Damen rises, driven beyond his endurance. “Jokaste, she is Kastor’s mother.” She is almost mine, he refrains from adding.

“No, she is right.” Hypermenestra says. “I put poison in the cup.”

Damen feels lightheaded with the revelation, and Jokaste steps closer to Damen, as if to protect him from a woman who would poison her own son.

“It is always the little details, isn’t it.” Hypermenestra muses.

She looks up at Jokaste and smiles, an expression of regret more than anything else, because, as Damen suspects, she will not cry. Damen makes an inarticulate noise, stillborn in his strangled throat, because after all of this, he needs to know why.

“In the end, the blame rests with me. I saw the signs, and did not warn you, because Kastor was my son, flesh of my flesh. And I could not do it.” Hypermenestra lifts her chin. “My weakness condemned Theomedes and almost killed you.”

Jokaste says, voice flat. “Tell us why we should trust you.”

“Kastor inherited my ambition, I think.” Hypermenestra says, still as calm and unflappable as always, “You remind me of myself, when I was younger.
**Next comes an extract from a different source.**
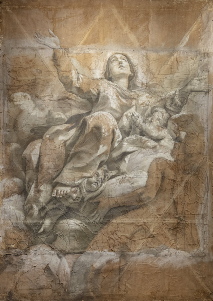 Dato il numero limitato di disegni e cartoni preparatori riferiti all’affresco della cappella della Madonna del Fuoco ritenuti certi dalla critica, il cartone con l’Assunzione della Vergine rappresenta una preziosissima testimonianza dell’iter creativo di Carlo Cignani.

Did you never wonder why you were able to bribe your way into Damen’s quarters so easily?”

Damen slips his hand into Jokaste’s, squeezing reassuringly when she stumbles.
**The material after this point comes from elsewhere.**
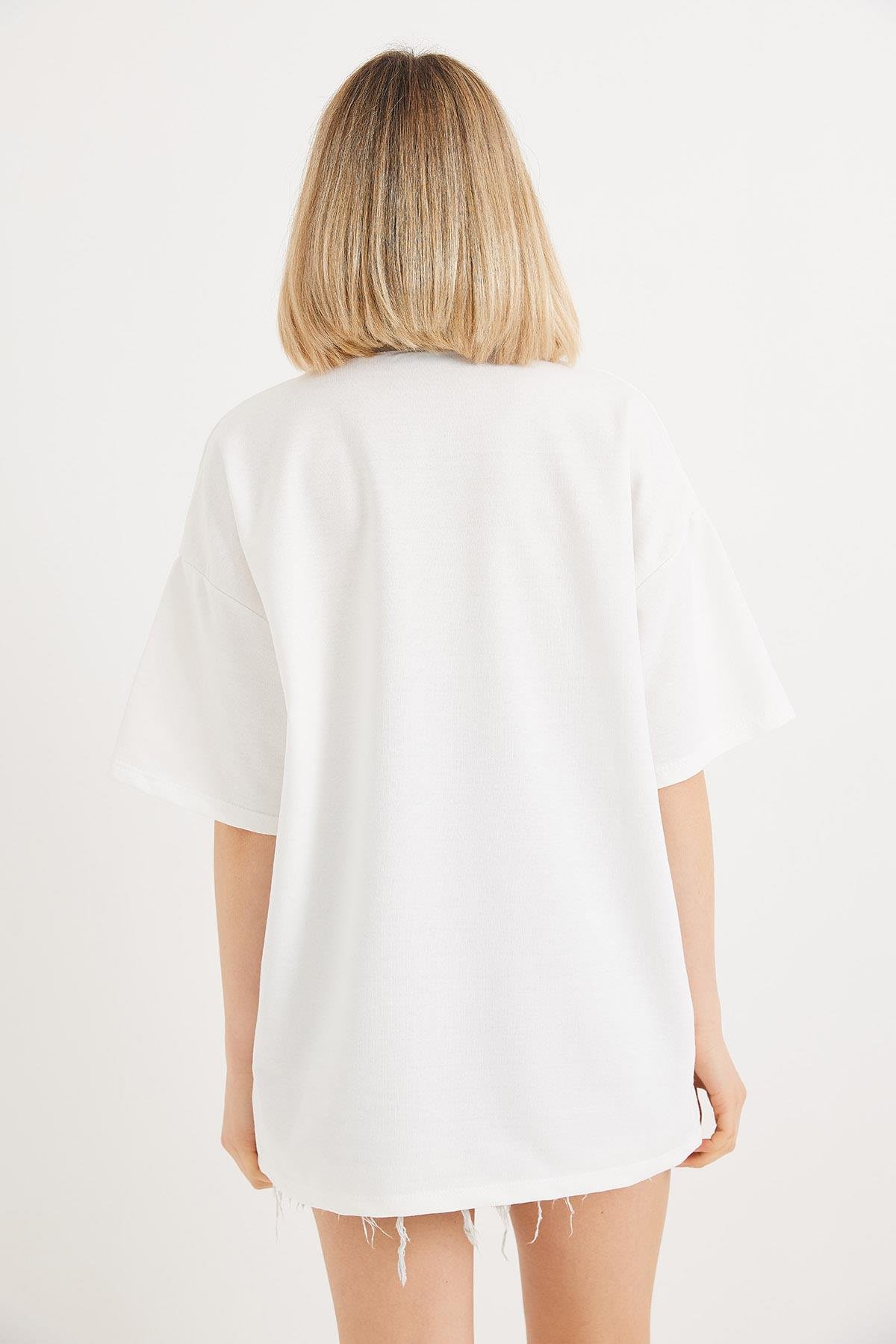 Nakışlı Bisiklet Yaka Tshirt Beyaz (250558TSHXBYZ)

“I could have killed him, and you never tried to stop me.” Jokaste whispers, fingers ice cold in Damen’s.

“Oh, but I know you. You wouldn’t kill him until you benefited from it. And I always made sure you stood to gain more with Damen alive.” Hypermenestra says, still distant. “Damen comes of a long line of men who care more about their mistresses than their queens, which was always going to be a dangerous precedent, and I thought I’d prevent that - in a way, you really were perfect - but of course Damen became devoted to the charmingly dangerous Laurent.”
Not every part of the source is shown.